As more companies move to continuous processes, PATs that provide inline real-time feedback control become even more critical for manufacturing high-quality cost-effective products. Bakeev (7) has provided a recent compilation of PAT spectroscopic process analysis techniques. Our laboratory has reported the use of inline real-time near-infrared granule moisture content (8) and focused beam reflectance measurement particle size determination (9) for a commercial scale continuous granulation-drying-milling process. Previous studies have shown that LIF can be used in pharmaceutical blending to determine the blending end point (1,10).

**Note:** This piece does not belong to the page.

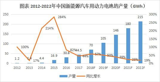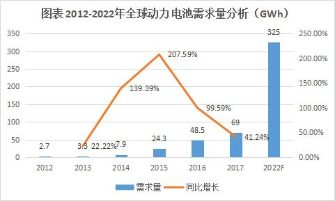 2017年全球應(yīng)用于電動(dòng)汽車動(dòng)力電源規(guī)模為69.0GWh,是消費(fèi)電子、動(dòng)力、儲(chǔ)能三大板塊中增量最大的板塊。GGII預(yù)計(jì)到2022年全球電動(dòng)汽車鋰電池需求量將超過325GWh,相比2017年增長(zhǎng)3.7倍。

Karumanchi et al. (10) used off-line LIF to determine blend uniformity, mixing end point, and identification of mixer dead-spots for a commercial scale blending operation. This technique has also shown to be promising in nondestructively measuring online active pharmaceutical ingredient (API) tablet concentration (11,12). Previously, the authors reported the effect of different tapped densities, compacted densities, concentration, and the interaction of material density–concentration on LIF response (13). The fluorescent response to powder mixtures containing 0.25 to 10.00% w/w of the same fluorescent API used in this study was evaluated over a density range of about 0.6 to 1.4 g/cm3. This density range was achieved by preparing tapped and compressed compacts. Material concentrations up to 4.00% w/w API and evaluated over a 0.6 to 1.4 g/cm3 material density (MD) range showed a linear LIF response with increasing tapped and compacted density. API concentrations of 4.00% w/w to 10% w/w API exhibited a negative parabolic LIF response. These LIF responses were fit to a quadratic model equation that included MD, API% w/w, MD2, (API% w/w)2, and a MD–API% w/w interaction term (adjusted R 2 = 0.975 and p value <0.0001). All model terms were highly significant (p value <0.0001).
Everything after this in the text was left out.